Flores was detained in Dec. 2016 after he met with La Union Mayor Ezequiel Milla in a San Salvador hotel and, allegedly, presented himself as an officer of the U.S. DEA. Flores promised that he would protect Milla’s reputation in exchange for cash, according to a press release from the Attorney General of El Salvador.

Flores was with a man named Santos Edgardo Guzman Ayala, who was acquitted after the court could not find evidence that he was aware of Flores’s alleged illegal activity.

According to El Salvador officials, the court found its verdict after evaluating WhatsApp messages, testimony from Milla and anti-extortion agents and a series of photos that revealed Flores with a package they believed to be the extorted funds.

Flores’s family has previously spoken out against his detention and wrote a letter to the Herald saying that he was meeting with Milla to seek sponsorship for an event to be held at the Coral House in Baldwin that February.

In the letter, they argued Flores was framed by his political enemies and said, “His stance on [certain] issues made him a rival to the political leaders connected to organized crime in El Salvador.”

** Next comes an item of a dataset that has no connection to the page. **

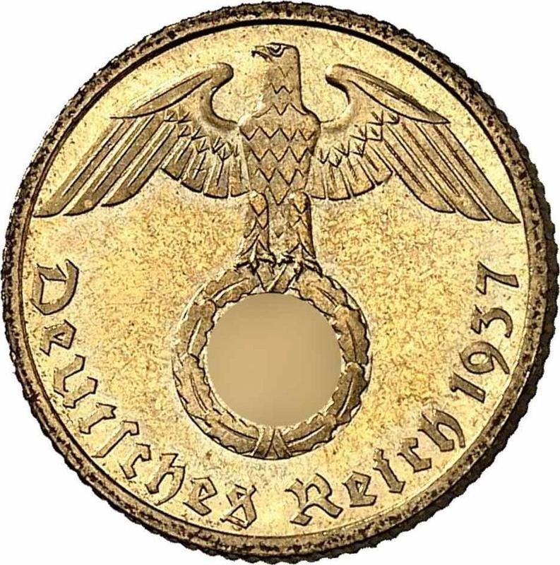 According to the latest data as of December 6, 2025 the average price of a coin 5 Reichspfennig 1937 with mark G is 390 USD for coins minted using the PROOF technology. The coin is made of non-precious metal, so in poor condition it may have extremely low value and liquidity.

Flores is a past surrogate for former Nassau County Executive Ed Mangano and has previously run for office in El Salvador. He was born in El Salvador in 1971 and moved to New York in 1984 before becoming a partner of Golden Empire Realty Co. in East Meadow with his brother Gilberto.

Before Flores’s detention, Flores hosted a controversial podcast called “Rafael on the Record,” in which he lambasted certain politicians and accused them of perpetuating corruption by abusing U.S. government funds, trafficking drugs and laundering money.

According to his family, he began hosting meetings with U.S. Representatives to cut funding to El Salvador, arguing that it has fallen into the hands of unsavory politicians.